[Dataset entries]
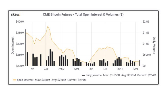 이와 관련해 트위터에서 활동하는 암호화폐 분석가 스큐(Skew)는 이날 트윗을 통해 "이번 만기일에 비트코인 선물 미결제약정(open interest, 선물·옵션계약을 사거나 판 뒤 이를 반대매매하지 않고 그대로 보유하고 있는 선물·옵션계약)의 약 50%가 만료될 것"이라면서 "대다수 기관 투자자들은 다른 투자처에 눈을 돌릴 것"으로 내다봤다.
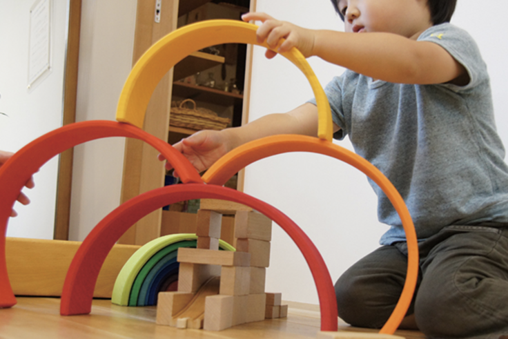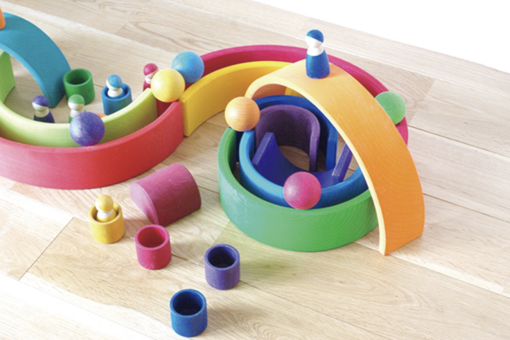 ドイツでシュタイナー教育に基づいた玩具を製造しているGrimm's Spiel Holz Design(グリムス社)の虹のトンネルシリーズ。
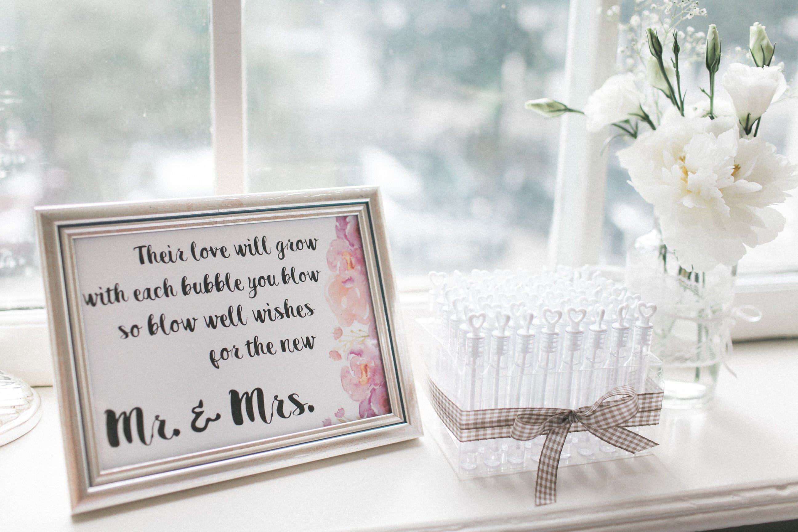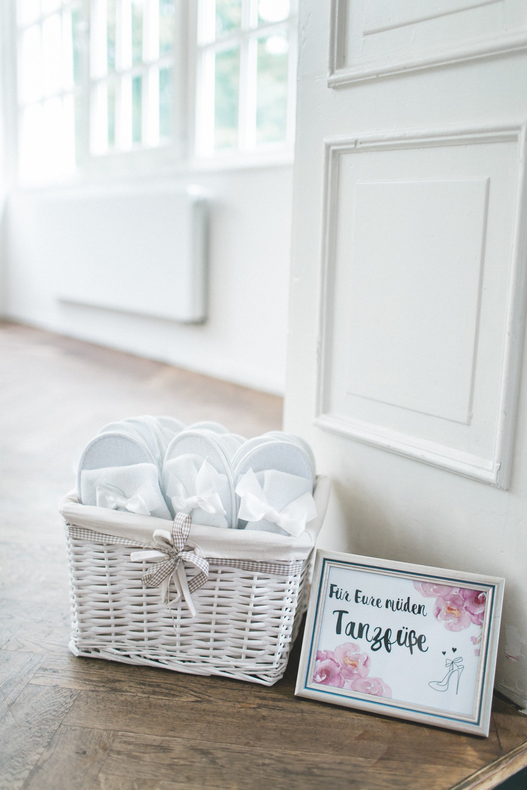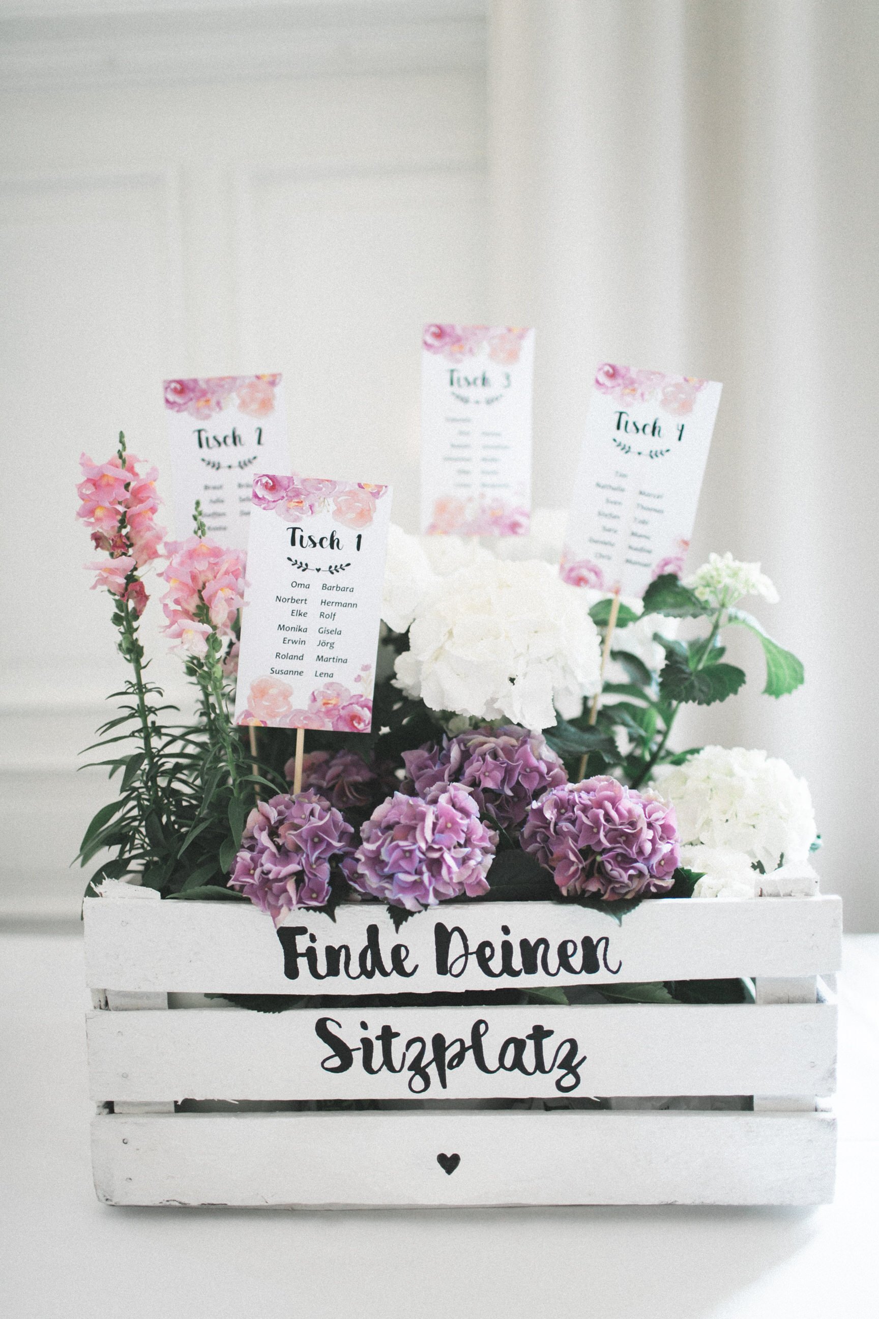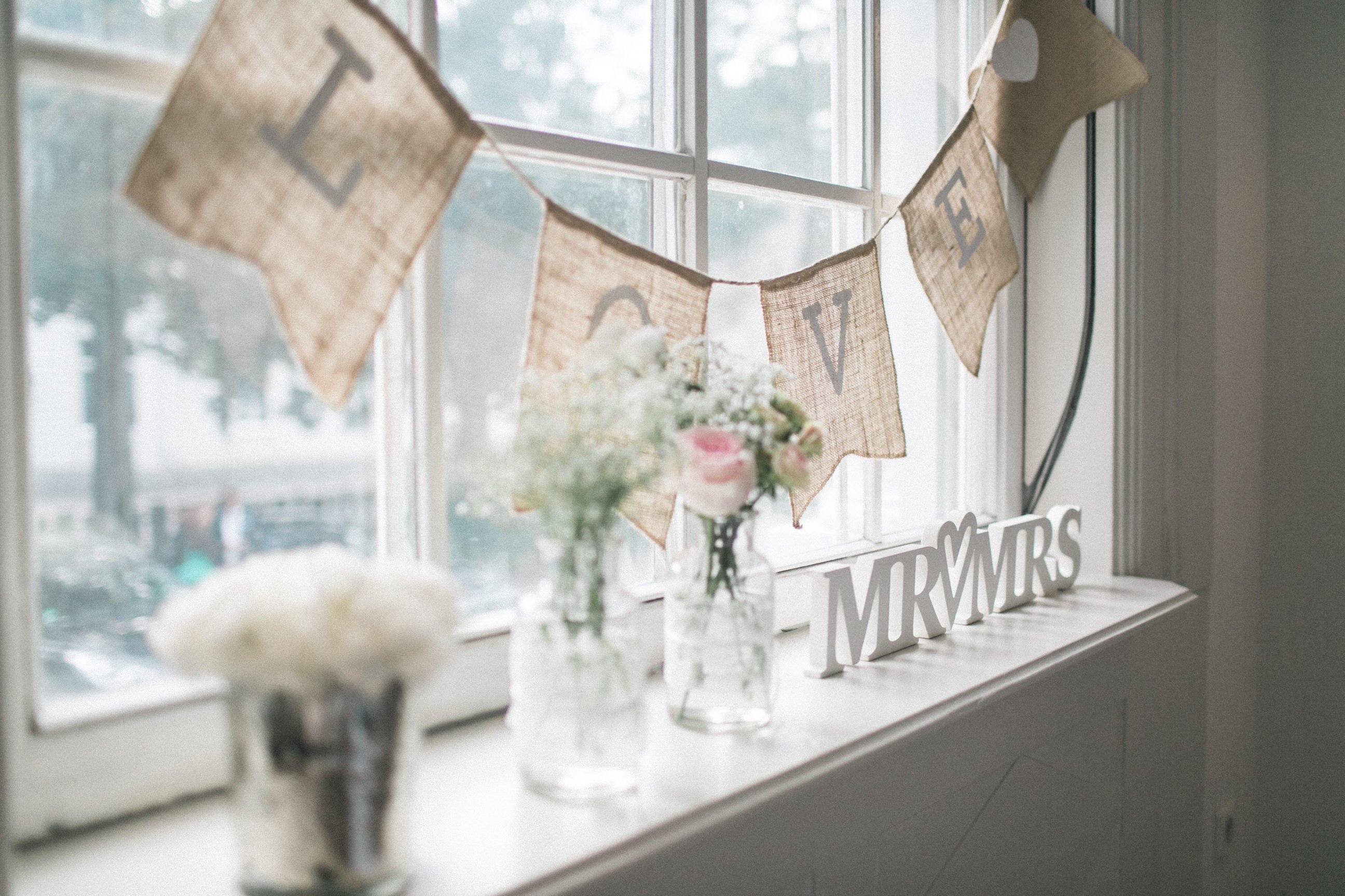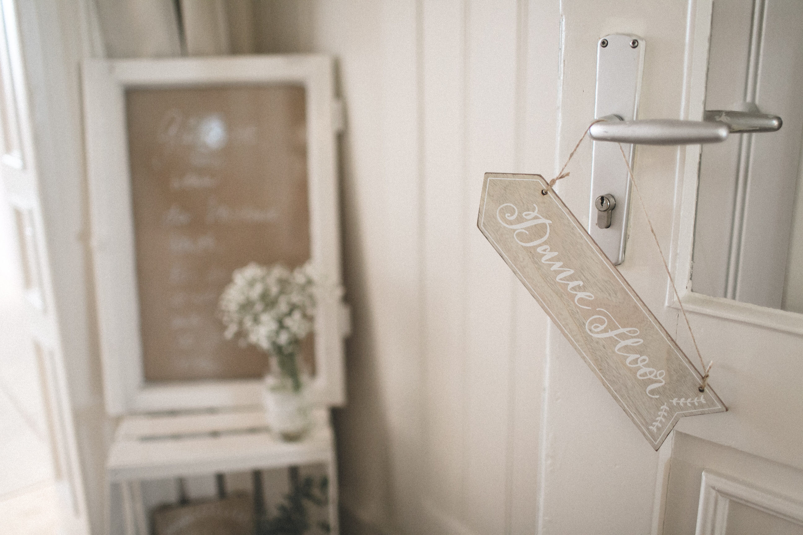 In der Location hatte Betty überall romantische Vintage Dekoaccessoires platziert. Ein Wegweiser hier, ein Schild dort, eine Wimpelkette aus Jute und dazu fluffig Blumen mit viel Schleierkraut.
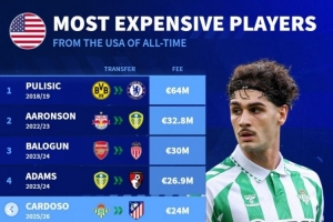 體育資訊7月17日訊 卡爾多索轉會馬競已經官宣,《轉會市場》統(tǒng)計顯示他也是轉會費第5貴的美國球員。
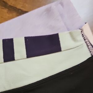 Stylish and versatile cropped leggings set. Includes black pair and two with colored/patterned waist bands. Ideal for e eryday wear.
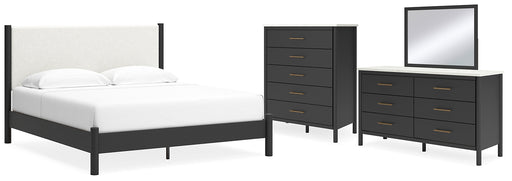 Cadmori King Upholstered Panel Bed with Mirrored Dresser, Chest and Nightstand

**ASSIGNMENT:**
An exact retyping of each record, with no pictures, is the answer required.

**RESPONSE TO THIS TASK:**
 이와 관련해 트위터에서 활동하는 암호화폐 분석가 스큐(Skew)는 이날 트윗을 통해 "이번 만기일에 비트코인 선물 미결제약정(open interest, 선물·옵션계약을 사거나 판 뒤 이를 반대매매하지 않고 그대로 보유하고 있는 선물·옵션계약)의 약 50%가 만료될 것"이라면서 "대다수 기관 투자자들은 다른 투자처에 눈을 돌릴 것"으로 내다봤다.
 ドイツでシュタイナー教育に基づいた玩具を製造しているGrimm's Spiel Holz Design(グリムス社)の虹のトンネルシリーズ。
 In der Location hatte Betty überall romantische Vintage Dekoaccessoires platziert. Ein Wegweiser hier, ein Schild dort, eine Wimpelkette aus Jute und dazu fluffig Blumen mit viel Schleierkraut.
 體育資訊7月17日訊 卡爾多索轉會馬競已經官宣,《轉會市場》統(tǒng)計顯示他也是轉會費第5貴的美國球員。
 Stylish and versatile cropped leggings set. Includes black pair and two with colored/patterned waist bands. Ideal for e eryday wear.
 Cadmori King Upholstered Panel Bed with Mirrored Dresser, Chest and Nightstand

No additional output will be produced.